Modest Bridal and Prom - ETERNITY Gowns: Sophisticated Dresses and Gowns Designed with Modesty in Mind for Weddings, Prom, Shabbos, Quinceanera, Pageants, Muslim Events, LDS Temple, etc.



On a sidenote: my eldest daughter wants me to make her a white, buckskin wedding dress (colourful beading to be included...a girl knows what she dreams of, eh?)

-----Added 12/23/2008 at 02:24:13 EST-----



Honor said:


> is the sleeve thing because bare shoulders are considered immodest?



Yes.


----------



## Honor (Dec 23, 2008)

oh


I was a shameless hussy then...I had spegetti straps and my dress didn't even reach my knees
(I'm totally just poking, I mean my dress did have all those things but I don't think it was immodest in the least) so I'm just playing with you.


----------



## LawrenceU (Dec 23, 2008)

Augusta said:


> Some clarification on if he is the father of the bride or just the preacher would be good. I do understand also if he is just officiating because it can't be easy to do with cleavage etc. in front of you.  I doubt though that is the case, I think this is his daughter.



Joe has two sons. No daughters.


----------



## LadyFlynt (Dec 23, 2008)

Honor said:


> oh
> 
> 
> I was a shameless hussy then...I had spegetti straps and my dress didn't even reach my knees
> (I'm totally just poking, I mean my dress did have all those things but I don't think it was immodest in the least) so I'm just playing with you.
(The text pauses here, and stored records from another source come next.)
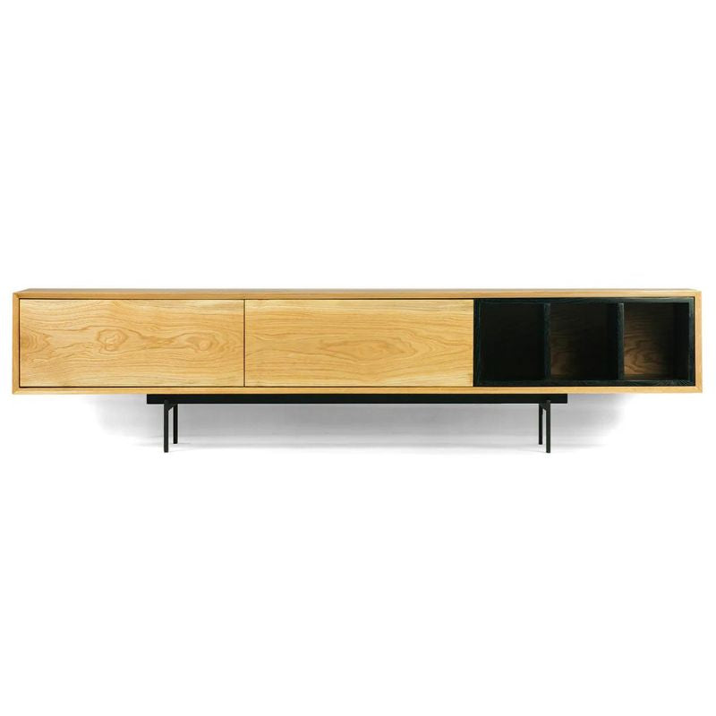 Praktisk TV-bord i eg med flere opbevaringsrum Dette Rosto TV-bord er den perfekte løsning til alle stuer. Det er udført i massiv egetræ og sort metal. Træet er behandlet med olie for at øge holdbarheden. TV-bordet har en masse praktisk opbevaringsplads i
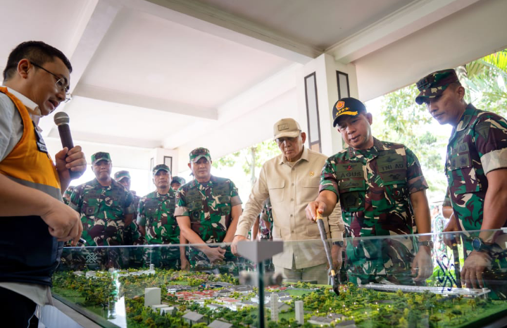 Turut hadir dalam peninjauan tersebut, Sekjen Kemhan, Irjen Kemhan, Kabaranahan Kemhan, dan Danjen Kopassus. (Dispenad)*
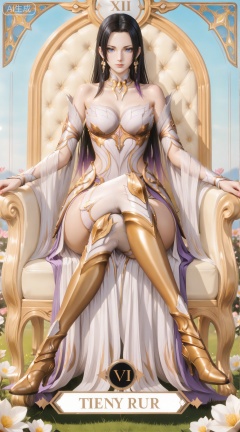 clothes: qianrenxue white and purple dress,qianrenxue armor,qianrenxue armored boots,qianrenxue armored dress,qianrenxue detached sleeves,qianrenxue high heel boots,qianrenxue white thighhighs,qianrenxue greaves,1girl,sitting,solo,breasts,long hair,crossed legs,bare shoulders,throne,thighs,medium breasts,cleavage,
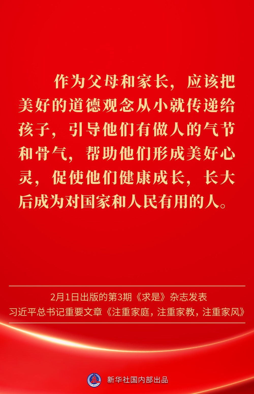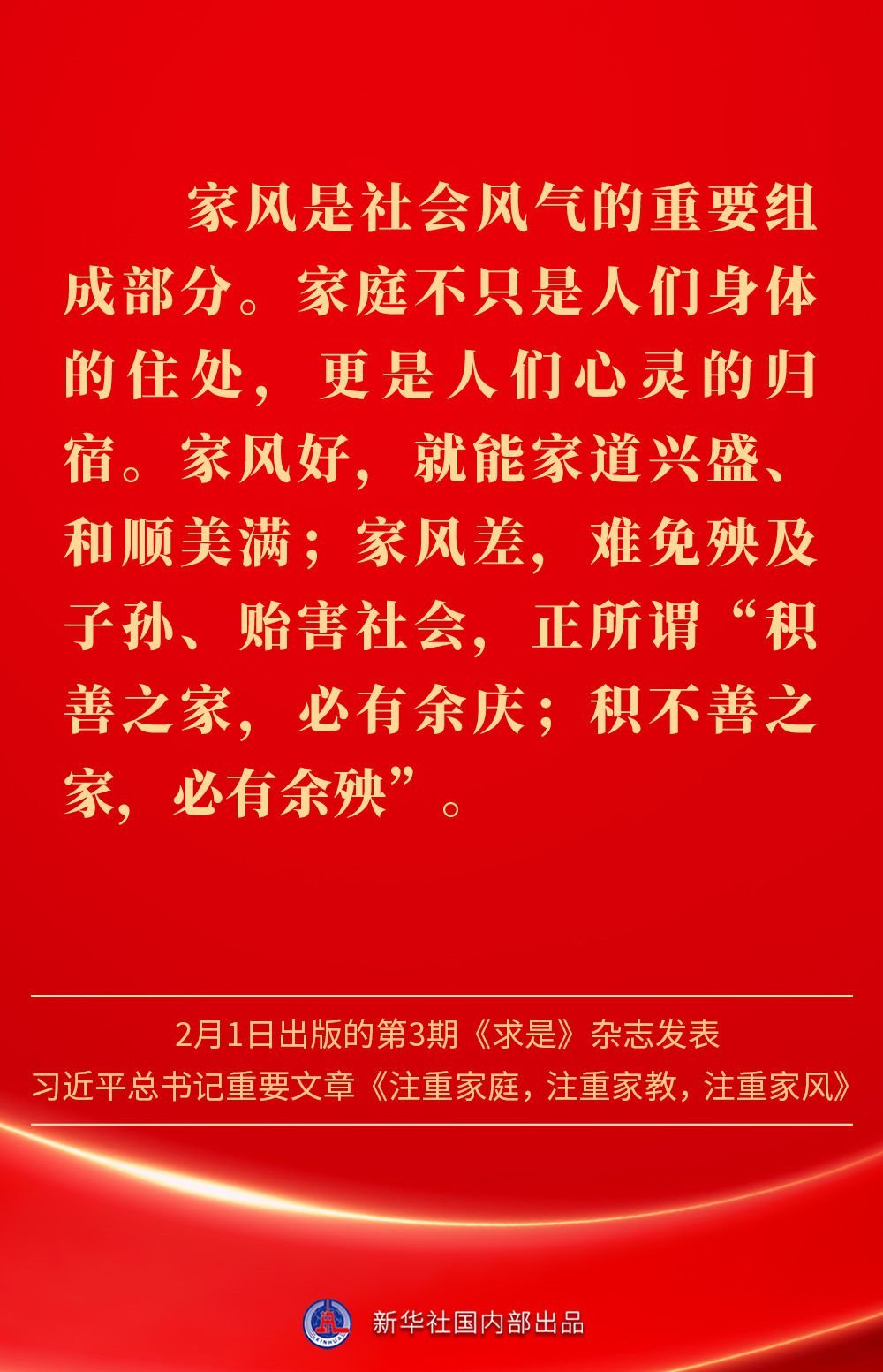 萬家團圓共慶新春佳節(jié)之際,2月1日出版的第3期《求是》雜志發(fā)表習近平總書記重要文章《注重家庭,注重家教,注重家風》。為什么要注重家庭、家教、家風?如何做好家庭文明建設?習近平總書記這樣闡述——

My dress barely reached my knees (I think). We ended up having a smaller wedding and I couldn't afford to alter my formal wedding dress I had bought, so I went and found myself a cute dress on sale at Lerner's for $30. Tea length was "in" at the time. We turned the formal one into a baptismal gown for our babies


----------



## JBaldwin (Dec 23, 2008)

I have played organ and piano for weddings for years, and in many churches, they've had a specified modesty standard in the wedding policy. So a bride knew when they were having a wedding in that particular church, she and her bridal party would be required to maintain the standard. I have seen brides refuse to get married in a church because of it. 
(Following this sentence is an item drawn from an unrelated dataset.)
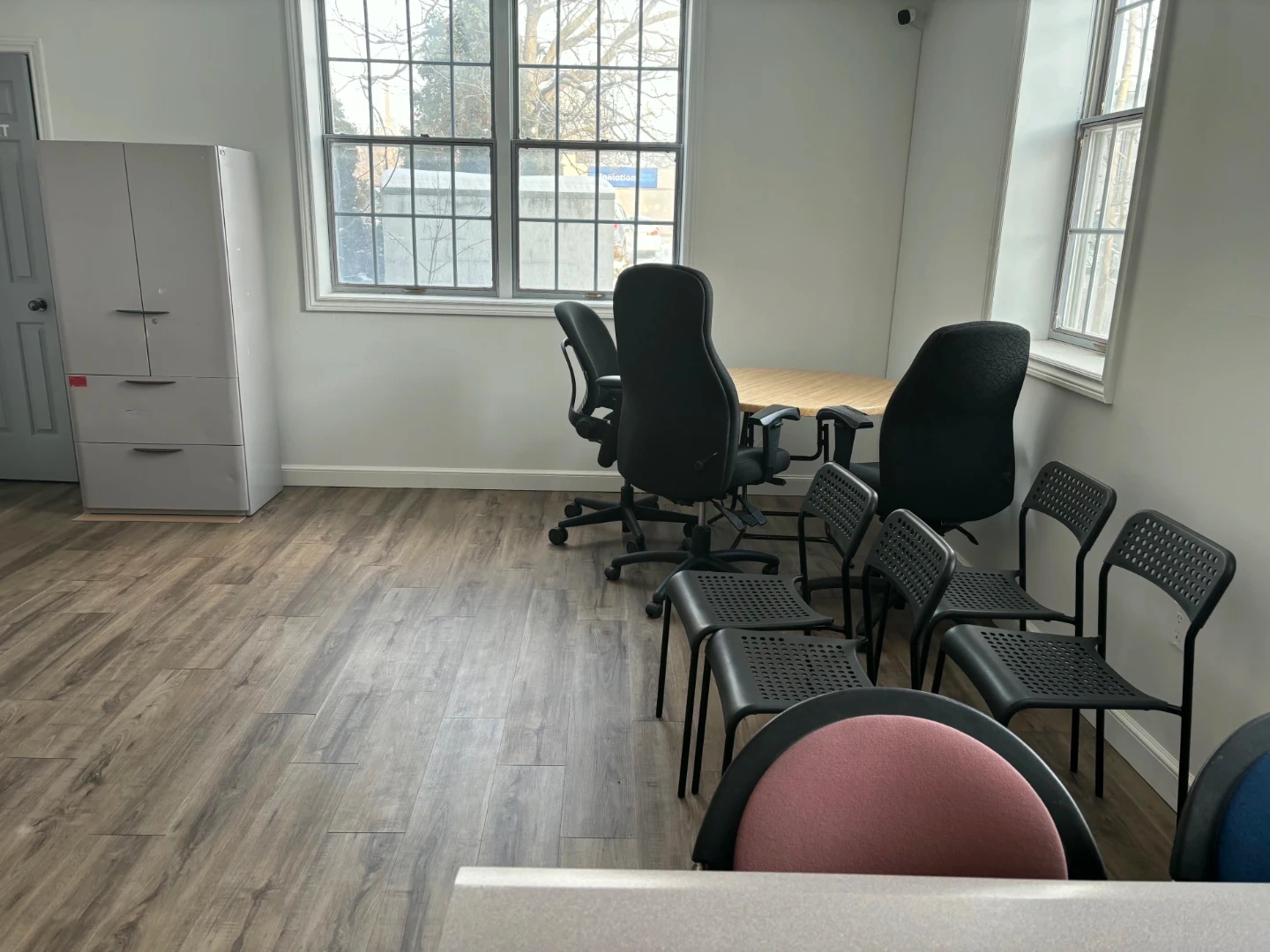I'm selling a set of office chairs and a cabinet. They're in good condition and ready for a new office space or home office setup

I would, however, agree with those who have said to tread lightly, especially if the wedding is already set for the church and a modesty policy was not in place at the time the date was set for that church. If it wasn't a bride could get really huffy and upset. 

My sister has a specialty shop in Greenville, SC (and online). They specialize in vintage clothing and carry a line of modest wedding gowns. They also do alterations on dresses to make them more modest. 

Threads in Time Vintage Clothing


----------



## LadyFlynt (Dec 23, 2008)

Bridezillas - WEtv.com


----------



## lynnie (Dec 23, 2008)

Huh?

Shoulders provoke lust?

Or is it the armpits? 

I am 54 and I have dressed modestly since I got saved at age 18. We were taught that your clothes should not draw attention, it is the smile on your face and the gracious words out of your mouth that attract attention. And I certainly agree that cleavage should be covered ( and not covered so tight it looks like spray paint.)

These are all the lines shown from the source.